▸ To do
Exact copies of all the lines below are wanted, without a single picture.

Records from a collection:
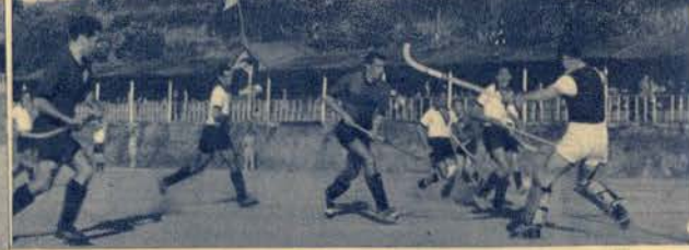
Ao lado — O Grupo de Futebol Benfica que conquistou a Taça de Portugal de hóquei em campo. Em cima: Numa fase animada do encontro, em que os lisboetas evidenciaram superioridade, derrotando o Académico, do Porto, por 4-0
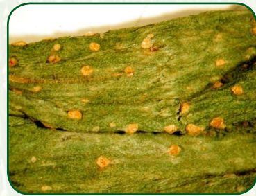
Onion rust (Fungus- Puccinia porri )
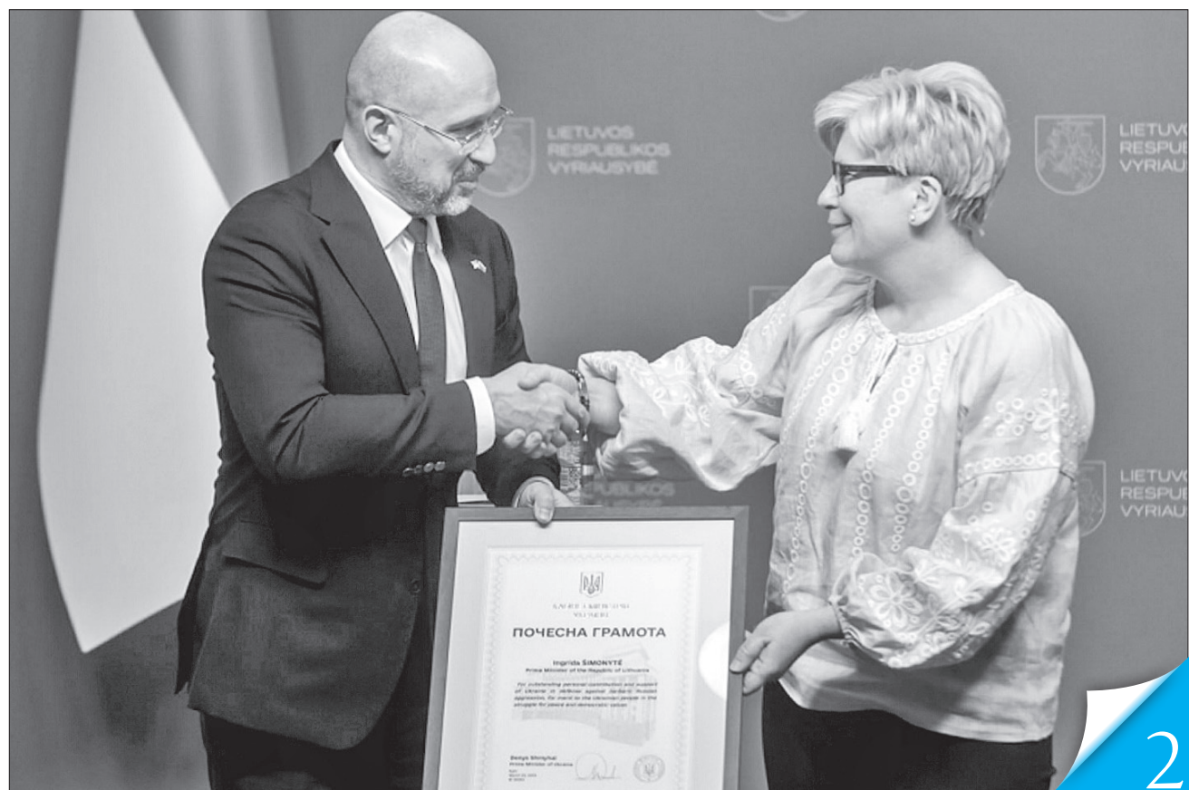
Денис Шмигаль вручив литовській колезі Індрізі Шимоніте почесну грамоту за всебічну підтримку від дружнього народу

РОБОЧИЙ ВІЗИТ. Прем'єр-міністр повідомив, що ця країна Балтії закупить для наших захисників 3 тисячі безпілотників власного виробництва
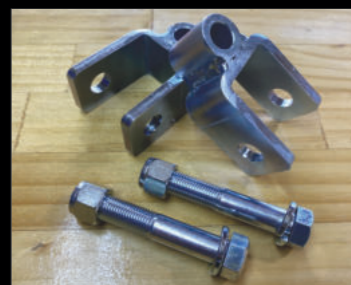
リア ショック延長ブラケット 70mm ¥12,000/2個(JSU166) 50mm ¥11,000/2個(JSU167)
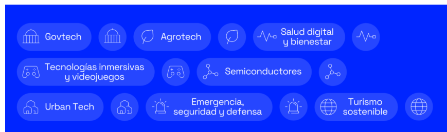
Figura 1: Áreas estratégicas para la innovación en València

Las AEI sectoriales definidas en este ámbito subvencionable se desarrollarán siempre y con carácter prioritario dentro del marco competencial municipal, orientadas a proyectos piloto, experimentación urbana y mejora de servicios públicos locales , coordinándose y complementándose con las competencias autonómicas o estatales cuando así sea necesario.

▸ Your solution
Ao lado — O Grupo de Futebol Benfica que conquistou a Taça de Portugal de hóquei em campo. Em cima: Numa fase animada do encontro, em que os lisboetas evidenciaram superioridade, derrotando o Académico, do Porto, por 4-0
Onion rust (Fungus- Puccinia porri )
Денис Шмигаль вручив литовській колезі Індрізі Шимоніте почесну грамоту за всебічну підтримку від дружнього народу

РОБОЧИЙ ВІЗИТ. Прем'єр-міністр повідомив, що ця країна Балтії закупить для наших захисників 3 тисячі безпілотників власного виробництва
リア ショック延長ブラケット 70mm ¥12,000/2個(JSU166) 50mm ¥11,000/2個(JSU167)
Figura 1: Áreas estratégicas para la innovación en València

Las AEI sectoriales definidas en este ámbito subvencionable se desarrollarán siempre y con carácter prioritario dentro del marco competencial municipal, orientadas a proyectos piloto, experimentación urbana y mejora de servicios públicos locales , coordinándose y complementándose con las competencias autonómicas o estatales cuando así sea necesario.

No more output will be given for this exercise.